_TASK STATEMENT:_ What should be copied is the stretch of entries below from the line with "Личным голосом для" up to and including the line with "High Protein Max", exactly and without images.

_SOURCE DATA:_
==================================================

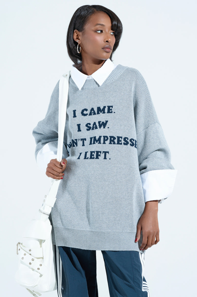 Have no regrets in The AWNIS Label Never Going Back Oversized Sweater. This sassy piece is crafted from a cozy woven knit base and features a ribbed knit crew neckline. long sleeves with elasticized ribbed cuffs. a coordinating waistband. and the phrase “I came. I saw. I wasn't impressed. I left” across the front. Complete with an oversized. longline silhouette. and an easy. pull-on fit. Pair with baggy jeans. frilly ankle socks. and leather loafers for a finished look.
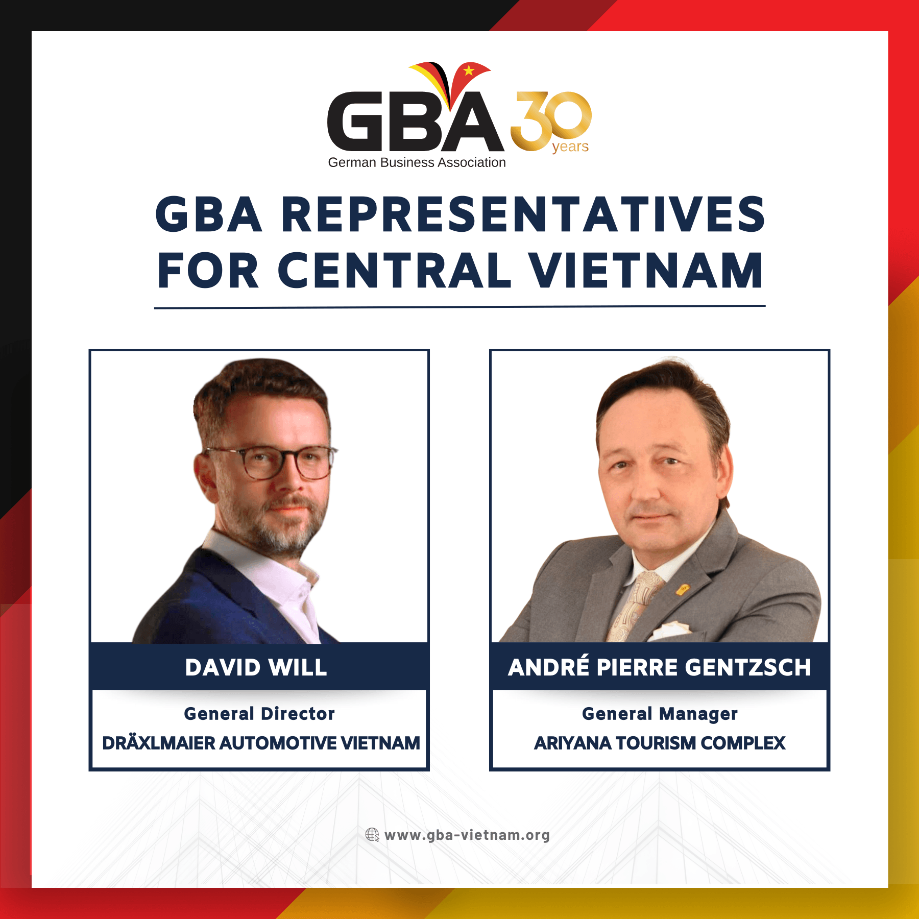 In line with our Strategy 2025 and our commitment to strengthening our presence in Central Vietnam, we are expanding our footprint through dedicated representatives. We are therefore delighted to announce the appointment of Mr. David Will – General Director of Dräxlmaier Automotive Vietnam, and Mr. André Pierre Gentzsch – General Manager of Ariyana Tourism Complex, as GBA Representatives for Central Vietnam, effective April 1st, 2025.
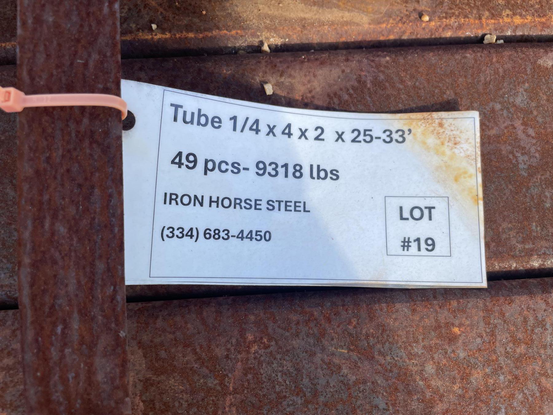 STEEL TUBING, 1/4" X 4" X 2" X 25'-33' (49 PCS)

==================================================

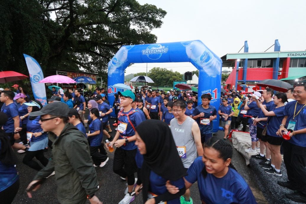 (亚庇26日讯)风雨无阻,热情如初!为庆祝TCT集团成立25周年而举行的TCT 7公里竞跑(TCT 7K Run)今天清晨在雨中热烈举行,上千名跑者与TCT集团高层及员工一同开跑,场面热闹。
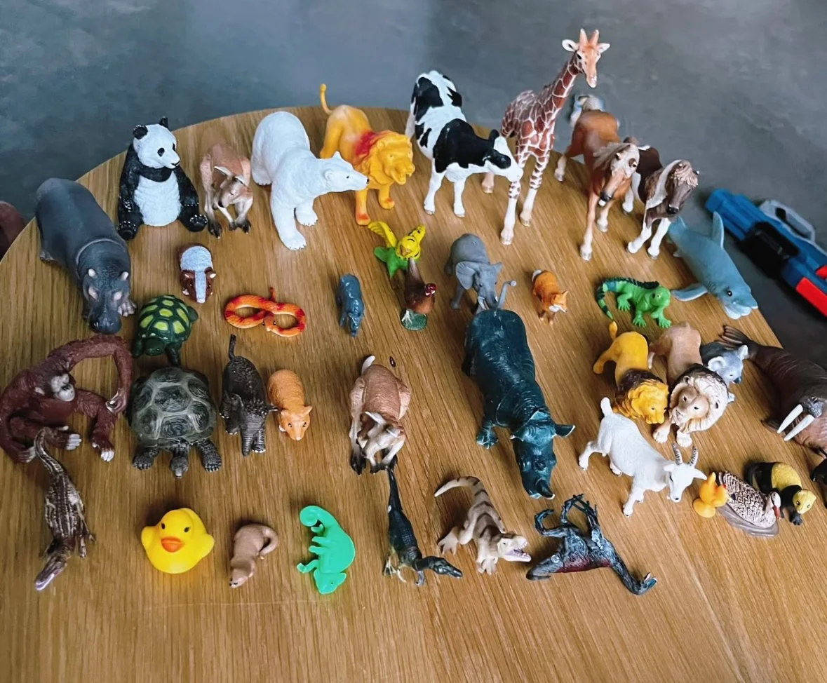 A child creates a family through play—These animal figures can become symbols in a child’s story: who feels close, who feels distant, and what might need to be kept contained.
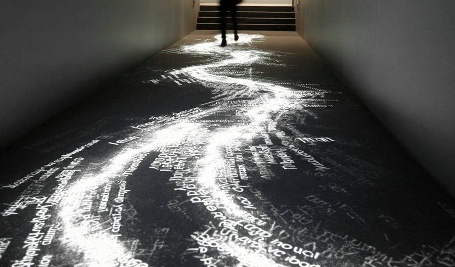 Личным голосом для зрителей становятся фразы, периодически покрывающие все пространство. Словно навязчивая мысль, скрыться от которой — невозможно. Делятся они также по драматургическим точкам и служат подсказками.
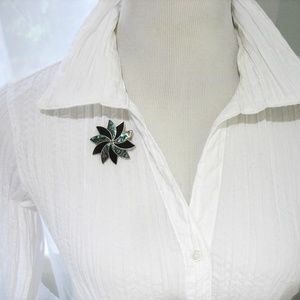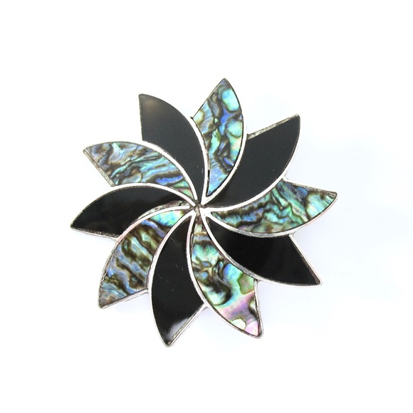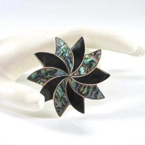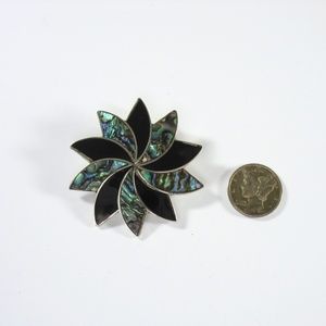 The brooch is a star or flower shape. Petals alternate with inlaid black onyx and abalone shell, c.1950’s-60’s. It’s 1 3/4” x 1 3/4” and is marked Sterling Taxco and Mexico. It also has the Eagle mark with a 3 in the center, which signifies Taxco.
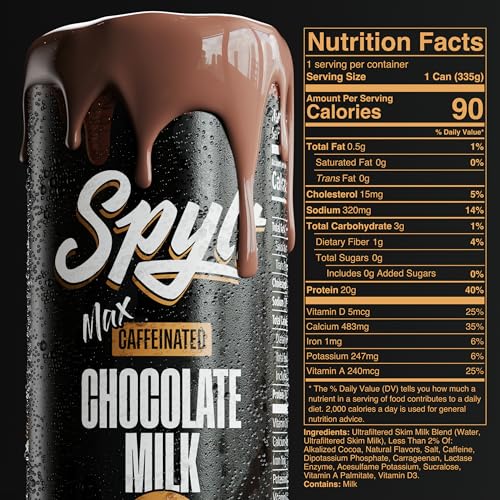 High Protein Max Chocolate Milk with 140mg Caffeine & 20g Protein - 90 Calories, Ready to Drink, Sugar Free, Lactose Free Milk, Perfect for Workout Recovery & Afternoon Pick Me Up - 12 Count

==================================================

_PROBLEM SOLUTION:_
 Личным голосом для зрителей становятся фразы, периодически покрывающие все пространство. Словно навязчивая мысль, скрыться от которой — невозможно. Делятся они также по драматургическим точкам и служат подсказками.
 The brooch is a star or flower shape. Petals alternate with inlaid black onyx and abalone shell, c.1950’s-60’s. It’s 1 3/4” x 1 3/4” and is marked Sterling Taxco and Mexico. It also has the Eagle mark with a 3 in the center, which signifies Taxco.
 High Protein Max Chocolate Milk with 140mg Caffeine & 20g Protein - 90 Calories, Ready to Drink, Sugar Free, Lactose Free Milk, Perfect for Workout Recovery & Afternoon Pick Me Up - 12 Count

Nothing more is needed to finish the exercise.